Door Helle Palmø, M.Sc., ph.d., Hoofdgeneticus bij DanBred
De voortdurende focus op wereldwijde klimaatverandering en potentiële oplossingen was nog nooit zo expliciet en relevant als nu. Toenemende extreme weersomstandigheden worden over de hele wereld geregistreerd en het wetenschappelijk bewijs voor de wereldwijde effecten van broeikasgassen op het milieu neemt steeds meer toe. De veehouderij, inclusief de varkensproductie, wordt ter discussie gesteld vanwege de CO2-voetafdruk en de vervuiling van drinkwater door kunstmest en pesticiden gebruikt voor de productie van diervoeding. In de toekomst moet varkensvlees daarom concurreren met andere soorten vlees die als duurzamer worden beschouwd, waaronder kippenvlees, insecten en vleesproducten uit laboratoria. Daarom is het verbeteren van de duurzaamheid van varkensvlees noodzakelijk om te waarborgen dat de varkensproductie een toekomst heeft.

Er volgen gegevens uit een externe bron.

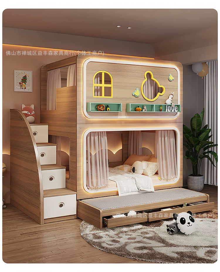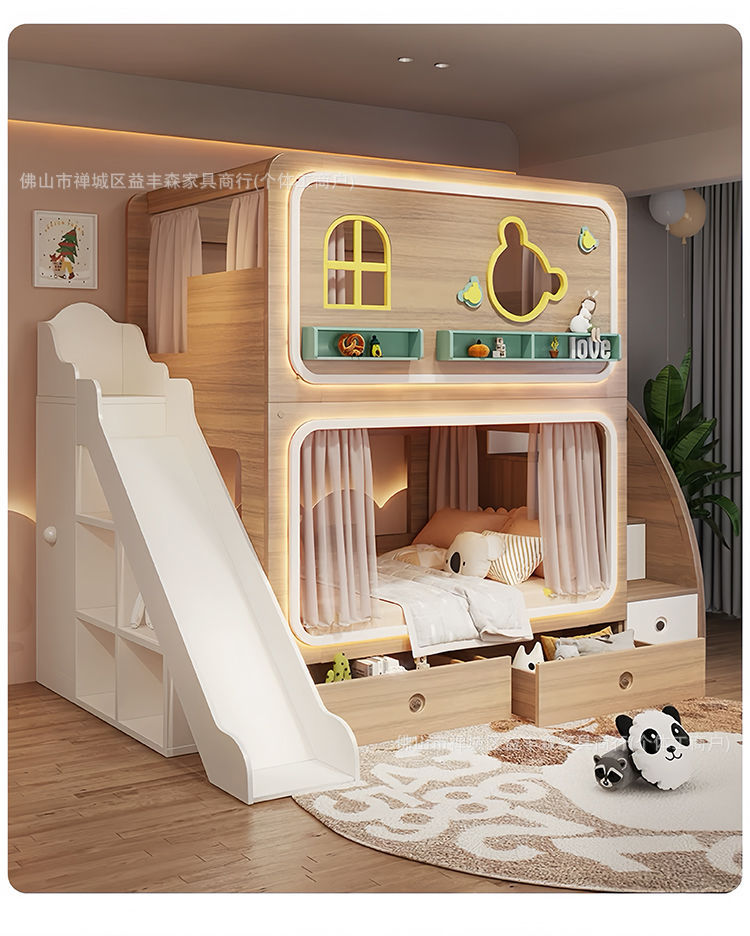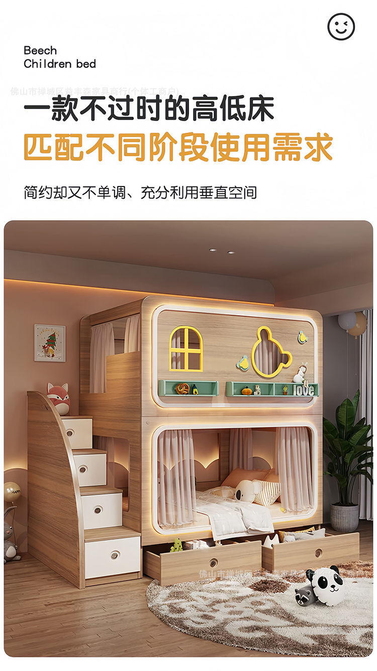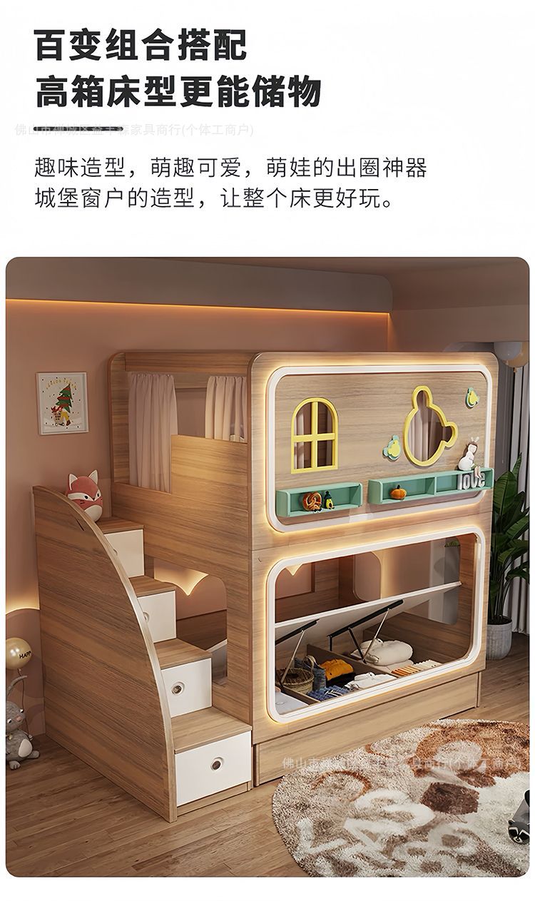 简约现代原木色儿童床上下床高低床带梯柜子母床滑梯双层床组合床

Duurzame productie van varkensvlees zal tegelijkertijd ook tegemoetkomen aan verschillende Sustainable Development Goals (werelddoelen voor duurzame ontwikkeling) van de Verenigde Naties, bijv. “nr. 2: Einde aan honger”, “nr. 3: Gezondheidszorg voor iedereen”, “nr. 12: Duurzame consumptie en productie”, en “nr. 13: Aanpak klimaatverandering”. Dit is belangrijk omdat de snelle toename van de consumptie en productie van varkensvlees naar verwachting nog lang door zal gaan door de bevolkingsgroei en afname van armoede. Hoewel er in grote delen van de westerse wereld een afname van de vleesconsumptie per hoofd van de bevolking is te zien, voorspelt de Voedsel- en Landbouworganisatie van de Verenigde Naties dat de wereldwijde consumptie zal toenemen door middeninkomenslanden zoals China en Brazilië.

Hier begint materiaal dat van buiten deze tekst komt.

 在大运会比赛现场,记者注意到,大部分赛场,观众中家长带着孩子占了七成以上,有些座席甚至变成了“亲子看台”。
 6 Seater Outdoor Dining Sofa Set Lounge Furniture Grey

Daarom rijst de vraag: Hoe kan het fokken en genetica van varkens bijdragen aan een duurzamere productie van varkensvlees in de toekomst? Fokprogramma´s gericht op het behalen van genetische winst om meer te produceren met minder gebruik van middelen, zijn voor dit doel van het grootste belang.
Genetische selectie voor duurzaamheid
Genetische selectie is een hulpmiddel dat perfect geschikt is voor het verbeteren van de duurzaamheid. Ten eerste omdat het belangrijkste fokdoel van de meeste commerciële fokprogramma’s is om meer te produceren met minder middelen, en ten tweede omdat eventuele genetische verbeteringen cumulatief en meestal permanent zijn. Genetische selectie voor voederconversie, groei, toomgrootte en overleving resulteren allemaal in een verminderd voerverbruik of afval – wat op zijn beurt leidt tot een vermindering van de uitstoot van voedingsstoffen zoals stikstof en fosfor en van broeikasgassen zoals methaan en CO2.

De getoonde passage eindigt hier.